Monday, October 15, 2007

If It Ain't Broke, Don't Fix It

We just finished administering the first quarter writing prompt, a demand-writing situation used to measure growth in writing skill during the school year.

Up to now, the process for grading the prompt was:
  1. Turn the prompt in for delivery to the district office.

  2. District office makes a list of dates each grade level is to be graded, and the grade-level teachers who will be attending the grading sessions each day.

  3. On the days of scoring, substitutes are arranged for most of the English department.

  4. We sit around a conference table with teachers from the other high school, talk about the prompt, the scoring rubric, agree on scoring, talk some more about what skills are foundational and what trends we're seeing in student work, etc.

  5. Teachers from each school separate; stacks of essays are distributed.

  6. We sit, score, confer around the table, and generally keep each other from going insane whle scoring giant stacks of hurried essays.
It's an all-day affair, and since I teach two grade levels, I'm usually on the list for two days. A pain, but we all saw the point.

Well, here's the new process:
  1. Turn the prompt in for delivery to the district office.

  2. We show up to the district office as individuals on a specified day to take a stack of essays (we never score our own).

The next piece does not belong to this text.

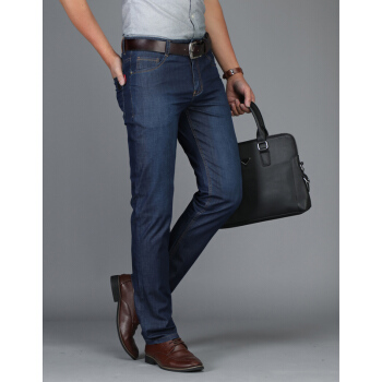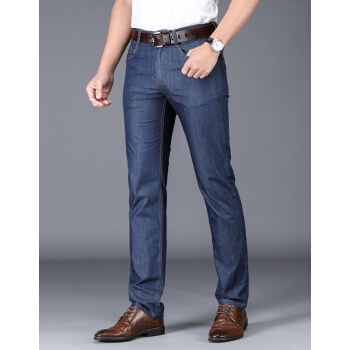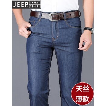 牛仔裤>>吉普(JEEP)牛仔裤男宽松夏季新品薄款直筒长裤商务休闲大码天丝弹力男士裤子 2019款 蓝色 33码 2尺5

  3. We score the essays on our own.

  4. We return the scored essays.

  5. We receive our own students' essays once the district tabulates all the data.
So now teachers don't confer at all, which was half of the whole point of arranging for us to sit around the table together. We're isolated from each other, and we're paid something less than our daily rate for taking time outside of our regualr duties to score papers from students we don't know and have no interest in.

If you think this new process is less than popular among teachers, you're right. There was nothing wrong with the way we did it before, and although it was tedious, we were able to get something out of it by talking to each other and seeing what the common mistakes and skill levels were around the table. It worked.


Oh, this morning in the faculty meeting we were asked what we could to do increase teacher collegiality and inter-department conferring. How about letting us sit around a table and score the writing prompt all together?